▶ _Work to complete_
Below are the records. Retype, exactly, the lines from the first through the line with "Concert in the Parco della Musica", and leave out the pictures.

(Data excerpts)
*****

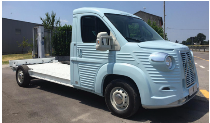
Chassis Low-floor Chassis
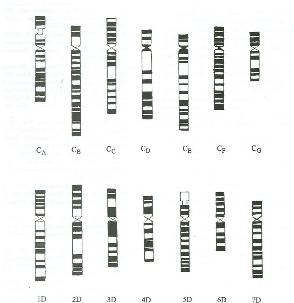
Figure 3. Idiogram of Ae. cylindrica , (genomes C and D with acetocarmine bands shown in black).

For a reliable karyotype analysis, the cells must be flat, in a single layer, but yet complete, and often the last need cannot be realized with the first two having been met. Here a serious problem arises when the cell is flattened, the chromosomes are stretched, and the stretching is not homogeneous. Sybenga (1992) noted that some chromosome arms stretch relatively more than others, which causes intrinsic differences between
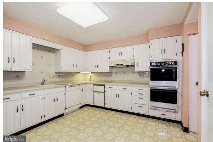
Table space kitchen with several upgrades
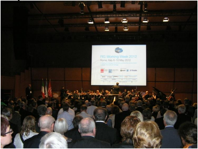
Concert in the Parco della Musica

The working week included in itself official events like "Opening reception" with concert and cocktail in the Parco della Musica with speeches by VIP guests as well as a greeting by the Mayor of Rome.

*****

▶ _Exercise output_
Chassis Low-floor Chassis
Figure 3. Idiogram of Ae. cylindrica , (genomes C and D with acetocarmine bands shown in black).

For a reliable karyotype analysis, the cells must be flat, in a single layer, but yet complete, and often the last need cannot be realized with the first two having been met. Here a serious problem arises when the cell is flattened, the chromosomes are stretched, and the stretching is not homogeneous. Sybenga (1992) noted that some chromosome arms stretch relatively more than others, which causes intrinsic differences between
Table space kitchen with several upgrades
Concert in the Parco della Musica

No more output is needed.